Jesús —Jesucristo— se nos acerca a la Iglesia y a cada uno de nosotros en la Solemnidad de Cristo Rey para que creamos en Él, Hijo Unigénito de Dios, el que se hizo uno de nosotros, «rebajándose hasta la muerte y una muerte de Cruz»; para que esperemos en Él, «sentado a la derecha del Padre»; y para que le amemos con todo el corazón. El amor a Cristo ha constituido siempre la clave de la vida de los santos. También es la clave de interpretación suprema de la de los 10 Mártires de Turón y del Beato Benito Nenni, Fundador de las Hermanas Hospitalarias del Sagrado Corazón, que el Santo Padre se dispone a canonizar esta mañana, en emocionante ceremonia, en la Basílica de San Pedro. Amor que lleva, al que por gracia lo siente, lo acoge y responde, a ofrecer a Cristo la vida en el sentido más real de la palabra, para completar en su «Cuerpo» que es la Iglesia los dolores de su Pasión por los hombres. Amor que llevaba a Teresa de Jesús a decirle en hondísima poesía:
«Vuestra soy, para Vos nací,
¿Qué mandáis hacer de mí?»
A eso nos lleva también hoy, en segundo lugar, la Solemnidad de Jesucristo Rey del Universo: a preguntarle desde lo más hondo del alma convertida a su Amor: ¿qué mandáis hacer de mí? De mí, de mis bienes, de mis cualidades, de mi tiempo, de mi salud, de mi vocación en la Iglesia y en medio del mundo. ¿A dónde nos impulsa hoy el amor de Cristo? El Evangelio de la liturgia de este día nos da la respuesta: a dar nuestra vida por los pobres del mundo contemporáneo, tan lleno de cruelísimas carencias de alma y de cuerpo. Nos impulsa —especialmente a los laicos— a dar testimonio de forma sencilla y humilde, pero perseverante y eficaz, de esa insuperable Buena Noticia del Evangelio de la Salvación con obras y palabras, para que se cumpla lo que pedimos con toda la Iglesia a Dios en la Oración colecta: «que toda la creación, liberada de la esclavitud del pecado, sirva a su majestad y le glorifique sin fin».

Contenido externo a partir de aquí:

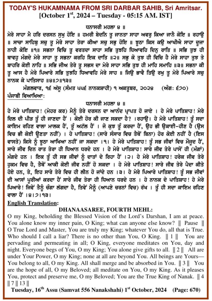 ਅੰਮ੍ਰਿਤ ਵੇਲੇ ਦਾ ਹੁਕਮਨਾਮਾ ਸ੍ਰੀ ਦਰਬਾਰ ਸਾਹਿਬ, ਅੰਮ੍ਰਿਤਸਰ, ਮਿਤੀ 01-10-24 ,ਅੰਗ 670

El mundo —las realidades temporales—, incluida la vida pública, necesitan hoy más que nunca de la presencia clara, definida, humildemente servicial e incansable, de los católicos, testigos del Amor de Cristo.

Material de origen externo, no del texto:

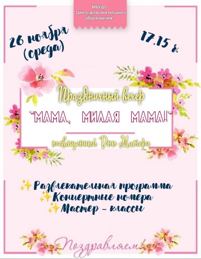 Особо красиво и незабываемо прошло мероприятие, посвященное этому Дню, в Центре дополнительного образования. На концерте обучающиеся дарили своим мамам, не только добрые слова и улыбки, но и специально подготовленные концертные номера.

Porque no podemos olvidar la vigencia de la enseñanza del Concilio Vaticano II, cuando afirma: «Si por autonomía de las realidades terrenas entendemos que las cosas creadas y las sociedades mismas gozan de leyes y valores propios que el hombre ha de descubrir, aplicar y ordenar paulatinamente, exigir esa autonomía es completamente lícito. No sólo lo reclaman así los hombres de nuestro tiempo, sino que está también de acuerdo con la voluntad del Creador… Pero si con las palabras ‘autonomía de las realidades temporales’ se entiende que las cosas creadas no dependen de Dios y que el hombre pueda utilizarlas sin referirlas al Creador, todo el que conoce a Dios siente hasta qué punto son falsas las opiniones de este tipo. Pues sin el Creador la creatura se diluye».

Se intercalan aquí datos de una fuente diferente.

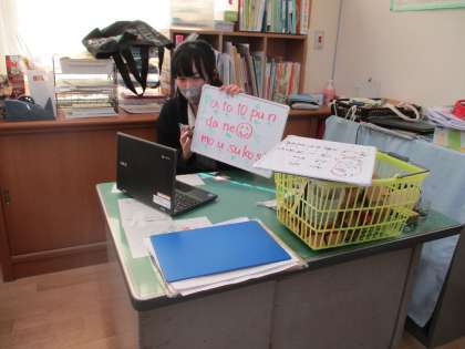 リモートで授業をしました。 ローマ字はマスターしたかな? 確認問題をしながら楽しく学習しました。
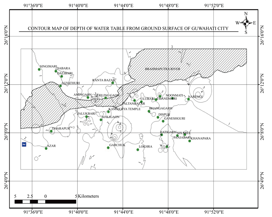 The contour map of depth to ground water level in Guwahati city is shown in Figure 7. The map in Figure 7 in-
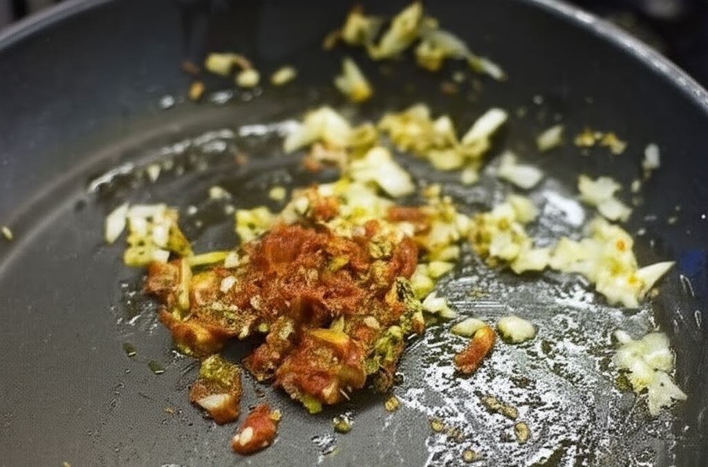 Posiekaj drobno cebulę i czosnek, zrumień połowę na rozgrzanym oleju (1 łyżka), wsyp przecier pomidorowy, mięso łyżeczkę cukru i oregano. Całość smaż, aż mięso stanie się kompletnie suche, dodaj wówczas rozpuszczony w szklance wody Knorr Naturalnie smaczne - Lasagne. Wszystko razem gotuj jeszcze 3- 4 minuty.

Ciertamente, el amor de Cristo nos apremia a comprometernos con su Reino eterno y universal, el que se manifestará plenamente cuando Él vuelva en Gloria y Majestad: el Reino de la verdad y de la vida, el Reino de la santidad y de la gracia, el Reino de la justicia, el amor y la paz.
Con María, la Reina del Cielo y Madre de los hombres, el camino de ese compromiso, nacido del amor de su Hijo, nos ha quedado franqueado para siempre.